+++ DATASET RECORDS +++

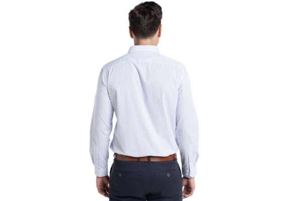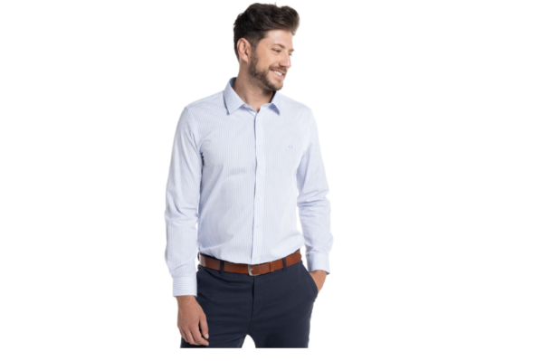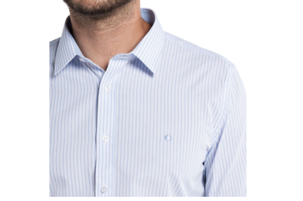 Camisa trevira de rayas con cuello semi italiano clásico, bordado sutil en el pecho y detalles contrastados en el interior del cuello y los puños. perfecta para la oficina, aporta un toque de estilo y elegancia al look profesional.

+++
+++ DATASET RECORDS +++

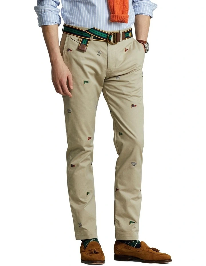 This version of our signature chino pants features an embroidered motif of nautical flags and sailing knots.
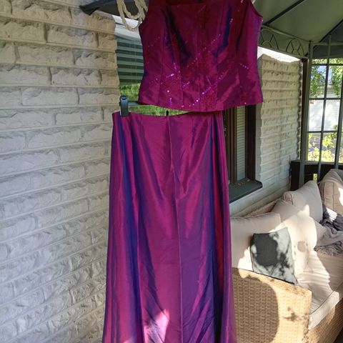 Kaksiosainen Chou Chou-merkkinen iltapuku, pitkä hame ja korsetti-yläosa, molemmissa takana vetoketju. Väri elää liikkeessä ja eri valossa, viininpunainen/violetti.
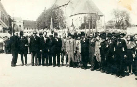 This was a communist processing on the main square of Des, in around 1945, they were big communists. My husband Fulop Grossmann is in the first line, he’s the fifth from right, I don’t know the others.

+++

= WORK INSTRUCTIONS =
Please output the lines above beginning at the line with "Kaksiosainen Chou Chou-merkkinen" and ending after the line with "This was a communist", precisely as written and with no pictures.

= FINISHED TASK =
 Kaksiosainen Chou Chou-merkkinen iltapuku, pitkä hame ja korsetti-yläosa, molemmissa takana vetoketju. Väri elää liikkeessä ja eri valossa, viininpunainen/violetti.
 This was a communist processing on the main square of Des, in around 1945, they were big communists. My husband Fulop Grossmann is in the first line, he’s the fifth from right, I don’t know the others.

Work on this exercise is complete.